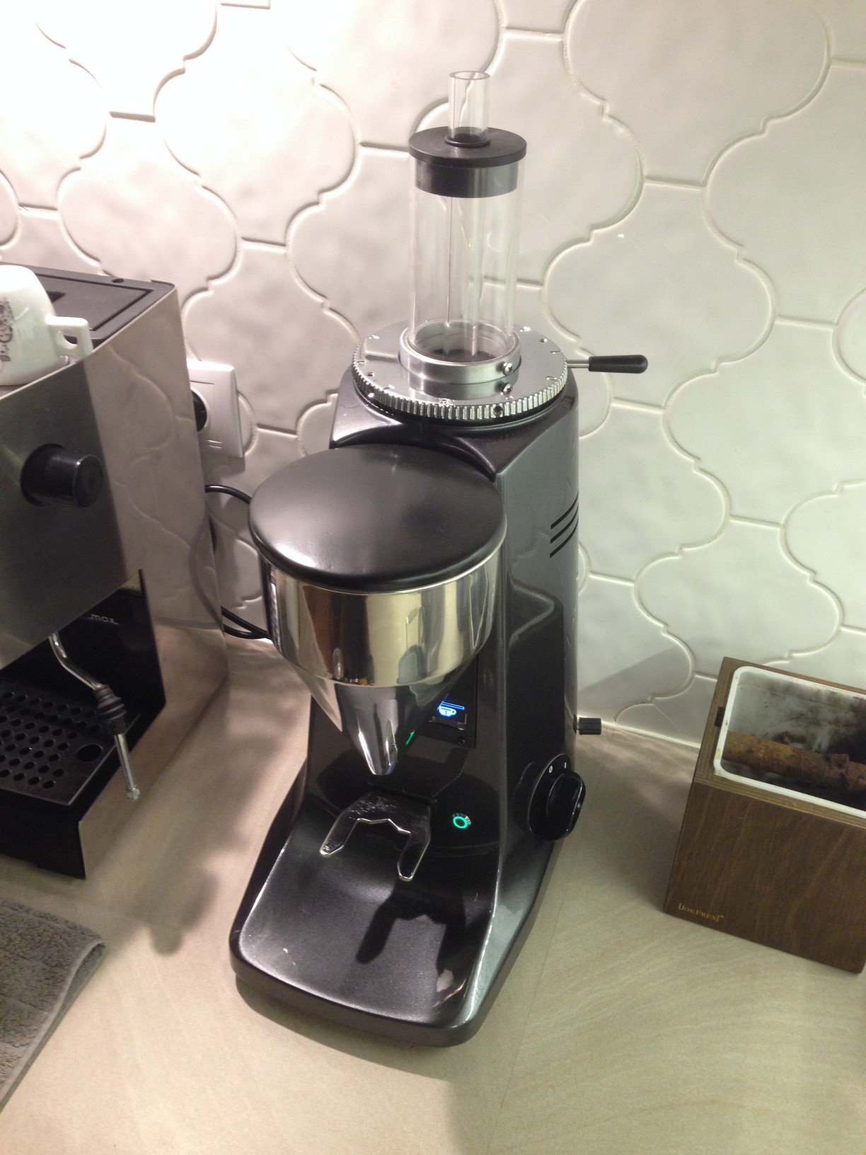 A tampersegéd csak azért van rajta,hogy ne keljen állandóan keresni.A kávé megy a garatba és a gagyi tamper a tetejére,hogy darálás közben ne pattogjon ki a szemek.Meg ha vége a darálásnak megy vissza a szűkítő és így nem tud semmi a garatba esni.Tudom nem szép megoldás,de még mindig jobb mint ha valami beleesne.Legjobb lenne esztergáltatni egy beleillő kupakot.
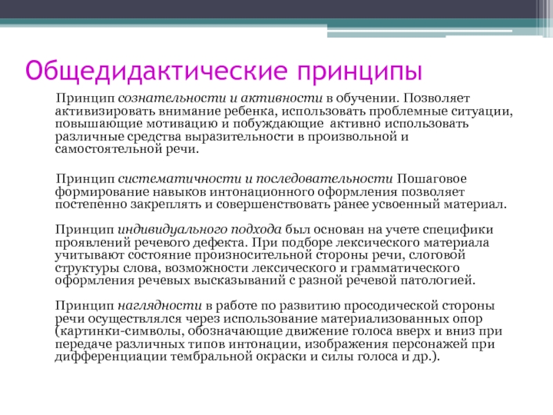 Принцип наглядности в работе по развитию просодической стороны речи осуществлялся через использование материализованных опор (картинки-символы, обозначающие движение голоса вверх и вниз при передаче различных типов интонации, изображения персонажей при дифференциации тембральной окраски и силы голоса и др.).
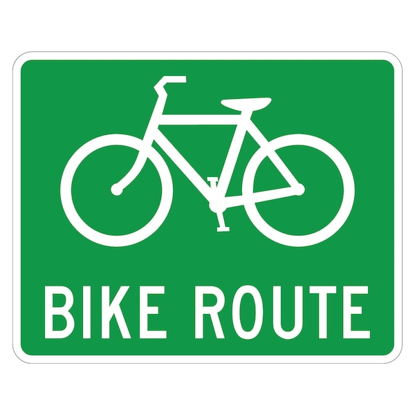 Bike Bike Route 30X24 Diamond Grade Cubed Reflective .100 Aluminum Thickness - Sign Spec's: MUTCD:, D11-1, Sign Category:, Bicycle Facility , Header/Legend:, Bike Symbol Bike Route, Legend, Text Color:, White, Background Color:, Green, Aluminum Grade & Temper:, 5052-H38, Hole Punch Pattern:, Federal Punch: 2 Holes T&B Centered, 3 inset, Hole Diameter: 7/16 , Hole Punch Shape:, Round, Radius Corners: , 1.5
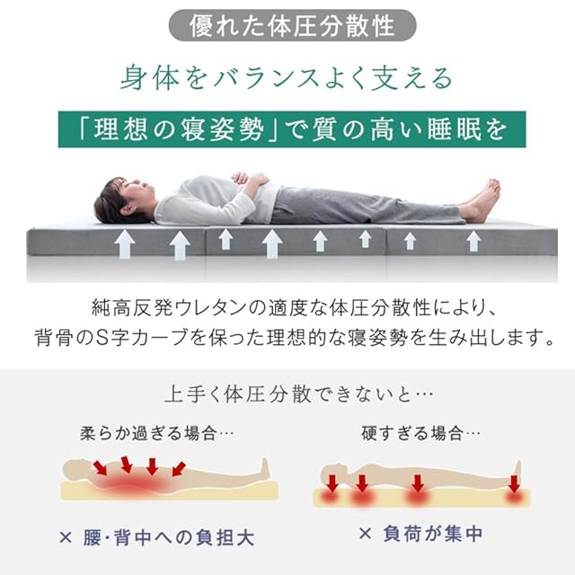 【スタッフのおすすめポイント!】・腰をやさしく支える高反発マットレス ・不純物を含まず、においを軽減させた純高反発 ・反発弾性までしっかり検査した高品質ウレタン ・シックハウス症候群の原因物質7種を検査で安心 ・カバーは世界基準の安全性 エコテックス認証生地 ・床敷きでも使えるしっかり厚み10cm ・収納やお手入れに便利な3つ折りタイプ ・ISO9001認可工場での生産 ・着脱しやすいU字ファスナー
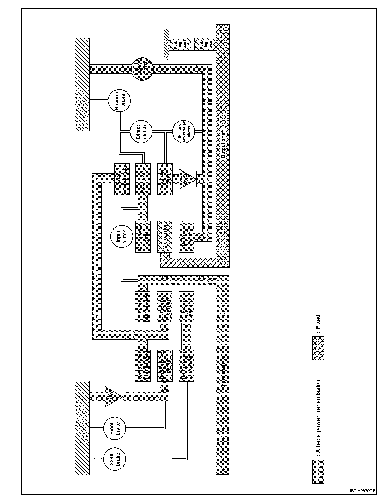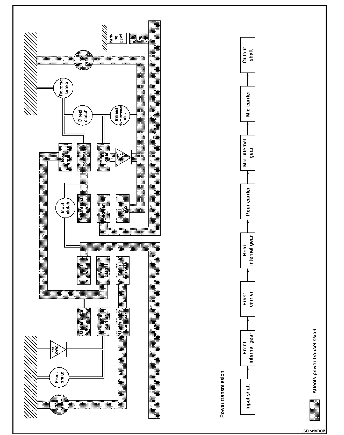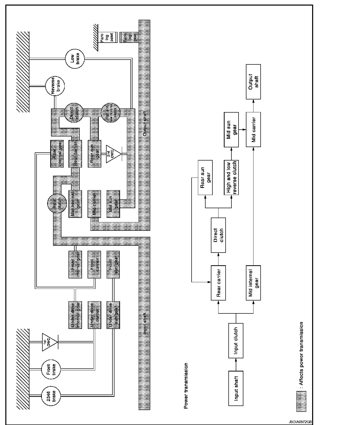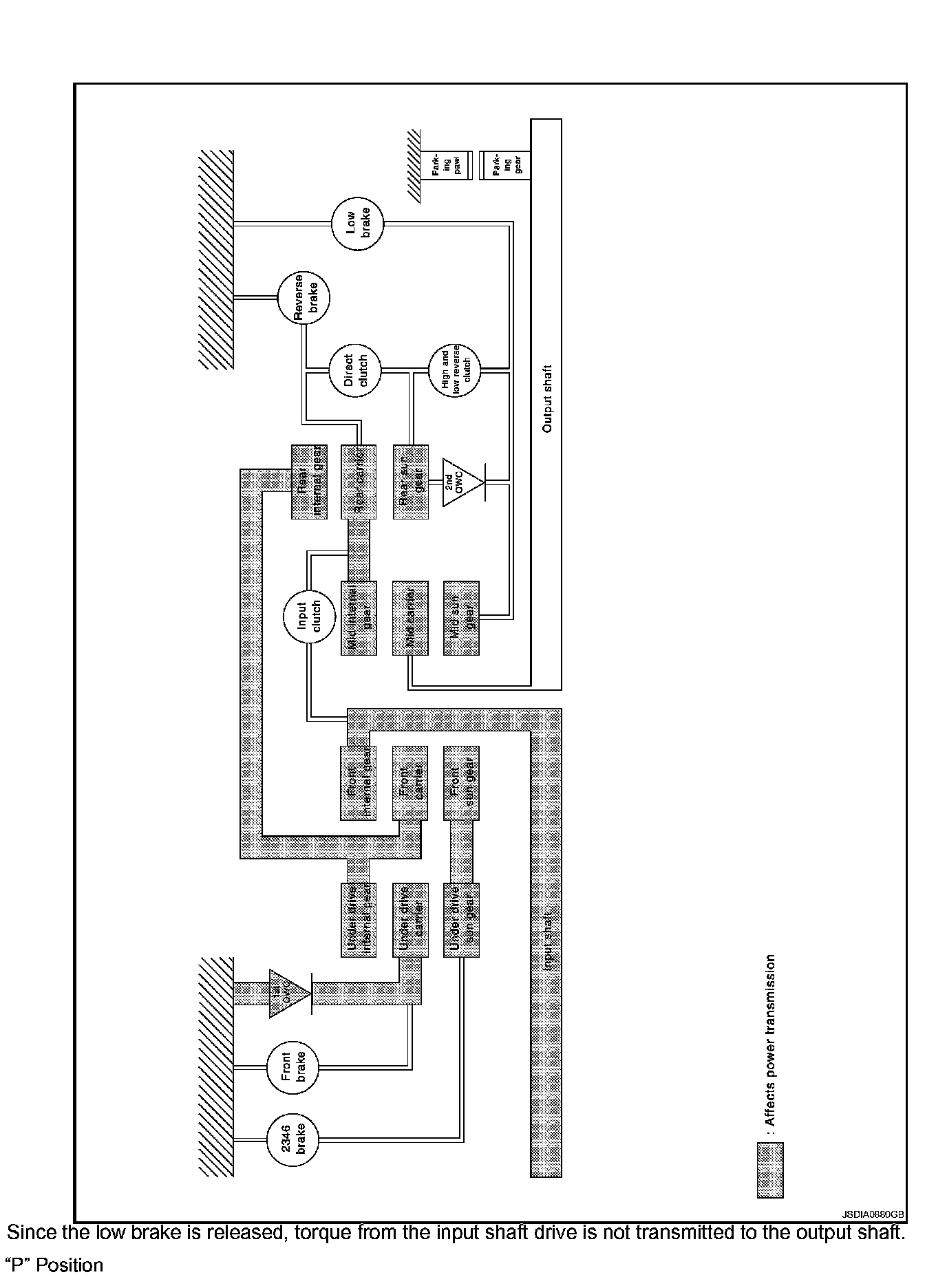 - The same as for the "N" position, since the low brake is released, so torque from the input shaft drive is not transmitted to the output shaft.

+ + + + +

Exercise instructions. Please restate exactly the lines from the one containing "Bike Bike Route" down to the end of the material, both ends kept, and do not include the pictures.

Response to the task.
 Bike Bike Route 30X24 Diamond Grade Cubed Reflective .100 Aluminum Thickness - Sign Spec's: MUTCD:, D11-1, Sign Category:, Bicycle Facility , Header/Legend:, Bike Symbol Bike Route, Legend, Text Color:, White, Background Color:, Green, Aluminum Grade & Temper:, 5052-H38, Hole Punch Pattern:, Federal Punch: 2 Holes T&B Centered, 3 inset, Hole Diameter: 7/16 , Hole Punch Shape:, Round, Radius Corners: , 1.5
 【スタッフのおすすめポイント!】・腰をやさしく支える高反発マットレス ・不純物を含まず、においを軽減させた純高反発 ・反発弾性までしっかり検査した高品質ウレタン ・シックハウス症候群の原因物質7種を検査で安心 ・カバーは世界基準の安全性 エコテックス認証生地 ・床敷きでも使えるしっかり厚み10cm ・収納やお手入れに便利な3つ折りタイプ ・ISO9001認可工場での生産 ・着脱しやすいU字ファスナー
 - The same as for the "N" position, since the low brake is released, so torque from the input shaft drive is not transmitted to the output shaft.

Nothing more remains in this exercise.